Initialement prévu pour le samedi 18 juin, le traditionnel concours national de Cahors, toujours bien ancré dans le calendrier des nationaux, a cependant été remis au dimanche vu le mauvais temps qui est venu couvrir le ciel français. Il y a bien eu des lâchers le samedi, La Châtre par exemple, pour ne citer que lui, mais le fort vent de sud-ouest a tellement chassé les pigeons vers leur destination que ces concours se sont déroulés comme des étapes de vitesse avec des… vitesses folles : 1.891 m/min pour la plus grande, soit un peu moins de 5 heures pour parcourir les 566 kilomètres. Les dirigeants de Cureghem Centre n’ont donc pris aucun risque et ont préféré reporter au lendemain l’étape de la Creuse. Sans doute souhaitaient-ils aussi que Cahors reste fidèle à lui-même, c’est-à-dire éviter que l’on ait à faire à des vitesses supersoniques.

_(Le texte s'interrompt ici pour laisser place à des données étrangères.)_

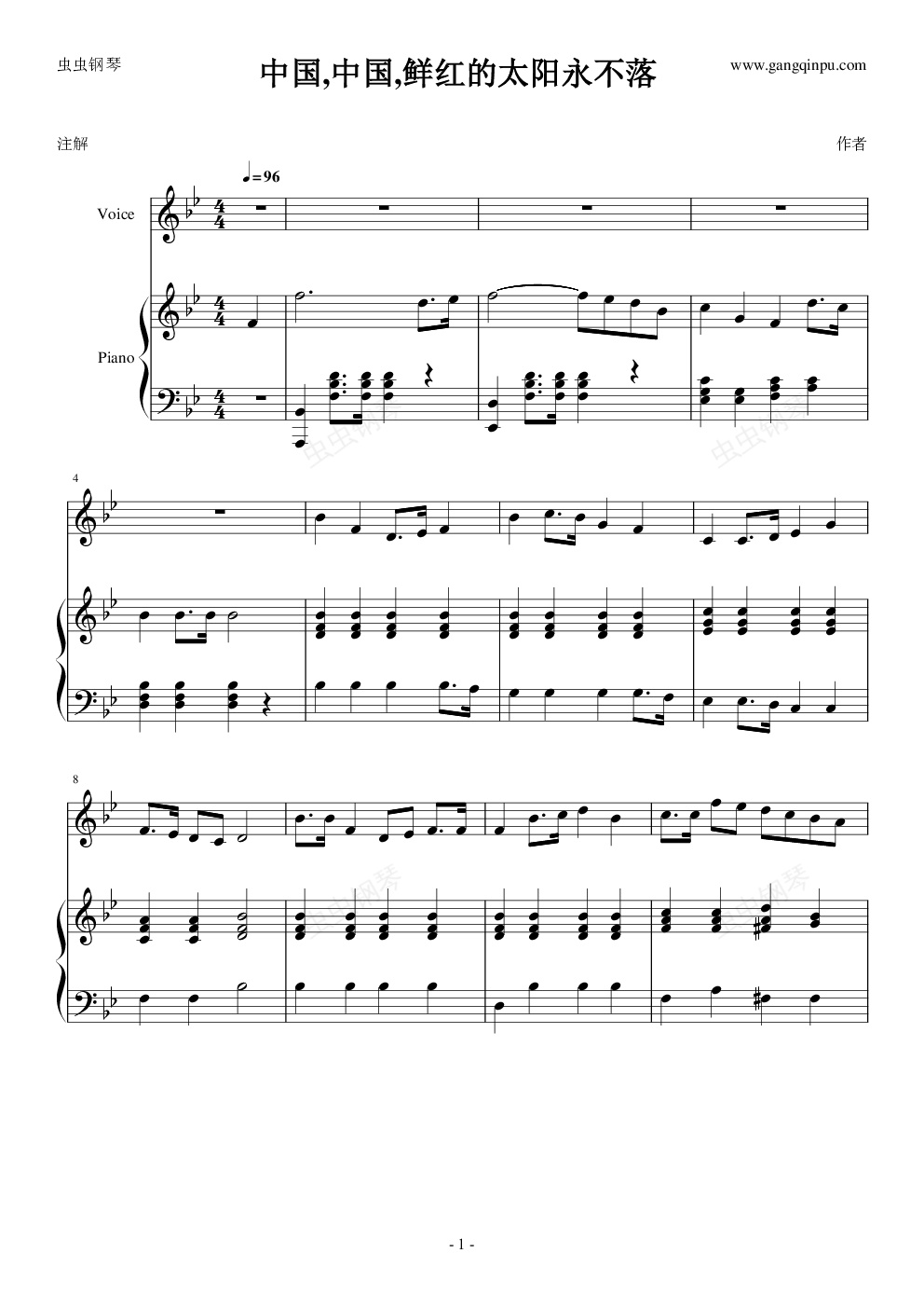 钢琴谱:中国,中国,鲜红的太阳永不落

Lâchés à 7heures le lendemain, les 8.067 pigeons ont pu rentrer chez eux dans des conditions relativement favorables et le vent, même si il avait baissé en intensité, était tout de même toujours très fort. Mais Cahors reste Cahors et les premiers pigeons ont du voler 8 heures en moyenne. L’Est du pays, et la province de Liège plus particulièrement, s’est régalé. Constaté à 15h46’’22 pour 733 kilomètres, le deux ans des Schroeder réalisa une vitesse de 1.393,32 m/min et devança de seulement 38cm (une chique) le pigeon des namurois du tandem Somme-Thiange (1.392,94 m/min), suivi par Deno-Herbots à 1.391 m/min, Henry Leon de Nandrin (1.388 m/min) alors que la cinquième place revenait à Valère Poelmans de Nieuwerkerken (1.386 m/min). Deux liégeois, un namurois, un brabançon et un limbourgeois : voila un top 5 on ne peut plus équitable. A signaler la performance du pigeon du tandem Goossens-Druart d’Hyon qui se classe 9e national, seul pigeon du centre à courte distance à figurer dans le top 10 national !

Présentation
Schroeder, un nom qui sonne familier pour bon nombre d’entre nous. Et pour cause, le fils Vincent, 35ans, est une éminence dans la médecine vétérinaire colombophile. Il est certainement le vétérinaire le plus doué de sa génération. La preuve en est l’importante armada de champions reconnus qui font confiance à ses services : Gérard Koopman, Marcel Sangers, Rik Cools, Jos Vercammen etc. La liste est longue ! Ce n’est pas pour rien qu’ils ont choisi le docteur vétérinaire Vincent Schroeder pour s’occuper du côté médical de leurs pépites.
Formé au métier par le docteur Norbert Peeters, voilà plusieurs année que Vincent vole de ses propres ailes professionnellement. Il a quitté sa province natale pour s’installer à Bilzen dans le Limbourg. La raison est simple : la situation géographique. Bilzen occupe une position centrale puisque la ville est située au carrefour de plusieurs provinces (Anvers, le Brabant et Liège ne sont pas loin), mais aussi de l’Allemagne, des Pays-Bas, etc. De ce fait, Vincent attire de nombreux clients. Il a même ouvert un second cabinet à Kerkrade aux Pays-Bas. C’est dire si son affaire tourne. Mais comment peut-il être à la tête d’une colonie performante s’il habite à plus de 45minutes de son emplacement et qu’il n’a parfois pas assez des 24heures dans une journée pour faire tout ce qu’il a à faire ? C’est là qu’entre en jeu Pierre, 62ans, son père. Un véritable homme de l’ombre. C’est lui qui s’occupe quotidiennement de la colonie, nettoie, prépare, joue, etc. Vincent se contente donc du côté médical. Il rend visite à son père chaque semaine pour venir voir tomber les pigeons… et le microscope n’est jamais bien loin. Pierre suit donc à la lettre les conseils de son rejeton. Vous pouvez donc être sûrs que lorsque les pigeons Schroeder sont enlogés, ils sont on ne peut plus sains.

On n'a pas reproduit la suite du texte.